EXERCISE:
Skip the pictures and repeat each line of the data exactly.

Source records:
--- START ---

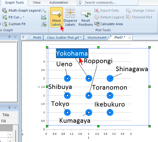 - Graph Tools | Plot Tools | Move Labels コマンドをクリックします。
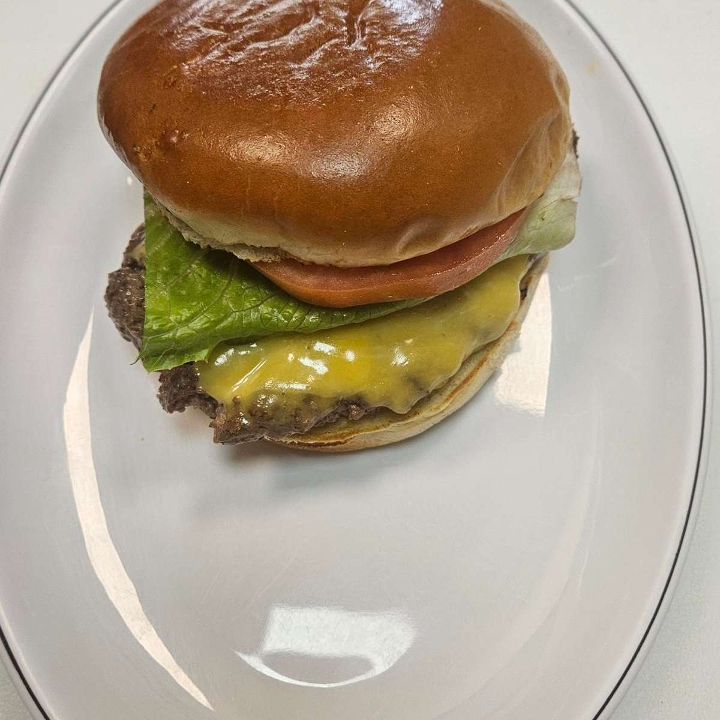Garlic and herb marinated chicken breast, American cheese, lettuce, tomato, onion, pickles, & garlic aioli
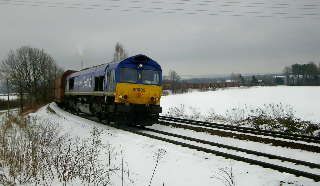 am 1.3.13 zog die 29005 ihren leeren Kohlezug aus dem Heizkraftwerk Chemnitz Richtung Tagebau Profen, hier noch mit schöner weißen Landschaft in der Kurve kurz vor Wittgensdorf Silvio Hass
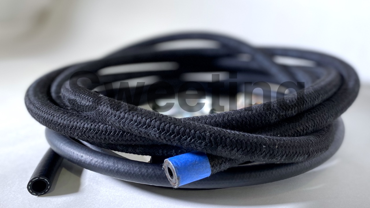 The high pressure hose has the black cloth weave on the outside, it has a stainless braid weave in the middle, uses high pressure threaded hose ends, and is rated for aircraft use. The high pressure hose goes from your power steering pump to the Hydro-Boost® and then from the Hydro-Boost® to your steering unit.
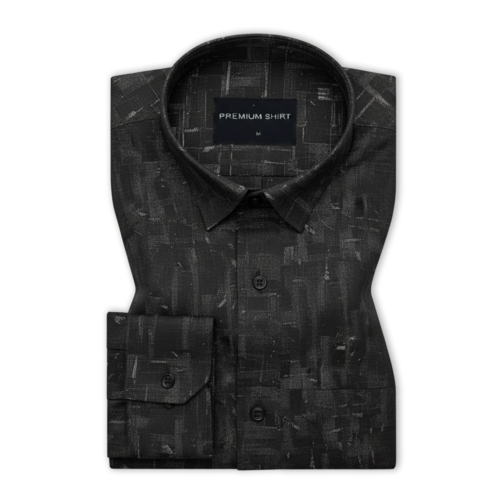 Charcoal Drift Abstract Linen Shirt For Men
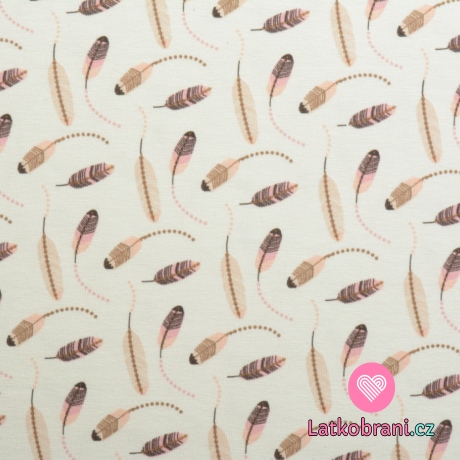 Úplet potlač rozhádzané pierka na zaprášené biele

--- END ---

EXERCISE RESPONSE:
 - Graph Tools | Plot Tools | Move Labels コマンドをクリックします。
Garlic and herb marinated chicken breast, American cheese, lettuce, tomato, onion, pickles, & garlic aioli
 am 1.3.13 zog die 29005 ihren leeren Kohlezug aus dem Heizkraftwerk Chemnitz Richtung Tagebau Profen, hier noch mit schöner weißen Landschaft in der Kurve kurz vor Wittgensdorf Silvio Hass
 The high pressure hose has the black cloth weave on the outside, it has a stainless braid weave in the middle, uses high pressure threaded hose ends, and is rated for aircraft use. The high pressure hose goes from your power steering pump to the Hydro-Boost® and then from the Hydro-Boost® to your steering unit.
 Charcoal Drift Abstract Linen Shirt For Men
 Úplet potlač rozhádzané pierka na zaprášené biele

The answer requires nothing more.